Это предложение стало соломинкой, за которую Оксана уцепилась изо всех сил.
Работа в ветеранском центре вернула Оксане смысл жизни. Здесь никто не смотрел на её шрам с брезгливостью. Сюда приходили девятнадцатилетние мальчишки без ног, с сожжёнными лицами, с пустыми, безумными глазами.

Оксана, как никто другой, понимала их молчание. Она умела перевязывать ампутированные конечности так, чтобы не причинять лишней боли, и умела просто сидеть рядом, когда у очередного парня начиналась ночная истерика.

Психологическая острота её состояния никуда не ушла, но она трансформировалась в глубинную эмпатию. Леча других, Оксана лечила себя.

Однажды вечером в центр привезли молодого парня, замкнувшегося в себе после тяжелой контузии. Он отказывался есть и говорить, просто смотрел в стену. Оксана подошла к его койке, села на край и тихо, хриплым голосом запела старую советскую песню про тополя, которую когда-то пела ей мать перед отъездом.
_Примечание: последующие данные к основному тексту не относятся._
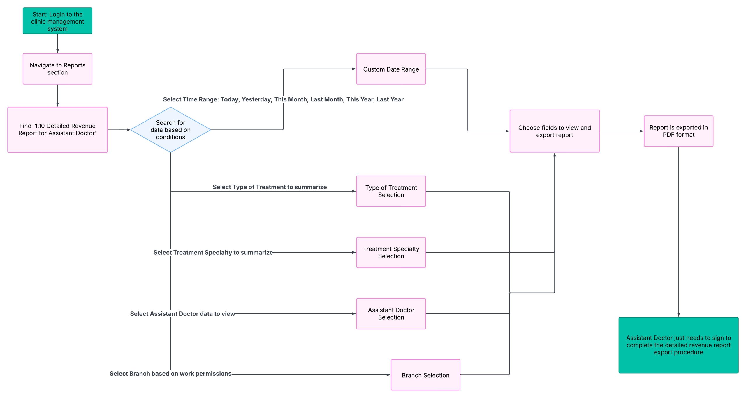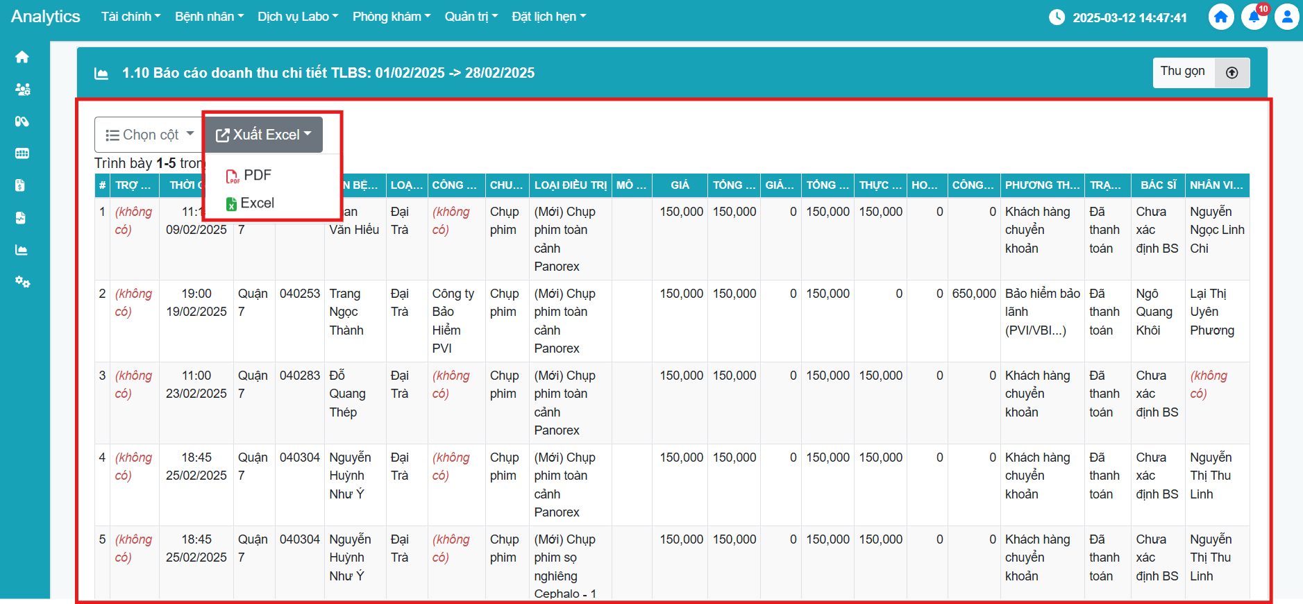 - Báo cáo chi tiết doanh thu của bộ phận Trợ lý bác sĩ phải được xuất ra bằng file PDF từ phần mềm
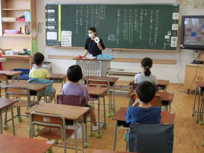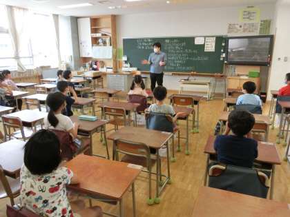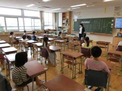分散登校で半分の児童しか登校していませんでしたが、元気な3年生の教室は明るい雰囲気でした。

Парень повернул голову, в его глазах блеснули слезы. Он впервые за две недели заговорил, назвав её сестрой.

Родители Оксаны видели эти изменения. Мать больше не плакала украдкой, заметив, как дочь перебирает крупу на кухне, а отец гордился ею, видя, с каким уважением здороваются с Оксаной крепкие мужчины-ветераны на улице.

Осенью Оксана наконец решилась сделать то, от чего бежала все эти месяцы. Вместе с Игорем они поехали на городское кладбище. Пройдя по узкой аллейке, они остановились у гранитной плиты, с которой на Оксану смотрело её собственное лицо — девятнадцатилетнее, улыбающееся, с аккуратной прической.

На камне было высечено: «Шарова Оксана Андреевна. 1961 – 1981. Погибла при исполнении интернационального долга».

Оксана подошла ближе, провела пальцами по холодному камню, стирая пыль со своего имени. Она не чувствовала мистики или страха. Только глубокую, звенящую тишину.

— Та девочка действительно погибла там, в ущелье, — тихо, но твердо произнесла Оксана, глядя на Игоря. — А я осталась жива. Вопреки всему.

Она сняла с головы серый платок, который носила со дня возвращения, открывая миру свои до срока поседевшие волосы и шрам на щеке. Этот шрам больше не казался ей клеймом позора — теперь это был знак её победы над смертью, её личный орден за стойкость.

Оксана положила на могильную плиту букет красных гвоздик — не себе прежней, а всем тем, кто не вернулся из тех проклятых гор, и тем, чьи души остались там навсегда. Она развернулась и пошла к выходу с кладбища, твердо ступая по шуршащей осенней листве. Она вернулась из ада, чтобы остаться человеком.